Idąc za myśleniem rozmówcy ojca Leona, wypada zgodzić się z tym, że takie zachowanie jest pójściem na łatwiznę. Mówiąc jeszcze inaczej można wręcz powiedzieć, że ludzie starają się podporządkować i ułożyć wszystko pod siebie. Wygodnictwo, krótkie chwile w kościele – czasami z myślami daleko od tego w czym biorą udział. Takie zachowanie sprawia, że szybko dajemy się wypłukać z duchowych wartości. Niestety Kościół zgadzając się i akceptując ową szybkość życia w ciągłym biegu, wpisuje się w taką niebezpieczną praktykę.

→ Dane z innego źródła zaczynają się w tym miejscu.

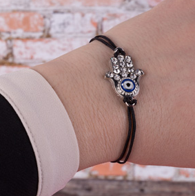 7. Такой мощный оберег могут носить даже мужчины. В работе мастерица использовала декор в виде ладони с глазом. В древневосточной мифологии именуется как «Яд ха-хамеш» или рука Мириам. Служит защитой от сглаза. Ладонь и кожаные шнуры можно приобрести в интернет-магазине, не выходя из дома.

W takim razie jak ma być? Jaką drogą należy pójść? Chcąc takim zachowaniom się przeciwstawić, trzeba wykazać się dużą mądrością i roztropnością. Kościół – pomimo różnych nacisków – powinien zawsze pozostać miejscem, gdzie człowiek znajdzie przestrzeń ciszy, gdzie może się na dłużej zatrzymać. Aby pobyć z Panem Bogiem, usłyszeć mocniej i wyraźniej Jego słowa. Jednak aby tego doświadczyć, to od każdego z nas wymagana jest większa troska o swoją duszę, uświęcenie siebie. Wreszcie zrozumienie, że tylko z Panem Bogiem mogę uczynić więcej dobra. Do tego jednak potrzeba dyscypliny duchowej, to znaczy, dłuższej modlitwy, częstszych chwil czytania Pisma świętego, systematycznego uczestnictwa w niedzielnej Mszy świętej. Jeżeli mamy taką możliwość, to także w ciągu tygodnia. Postarajmy się też zawsze pamiętać, że w tej dziedzinie – relacji z Panem Bogiem – szybkość nie popłaca!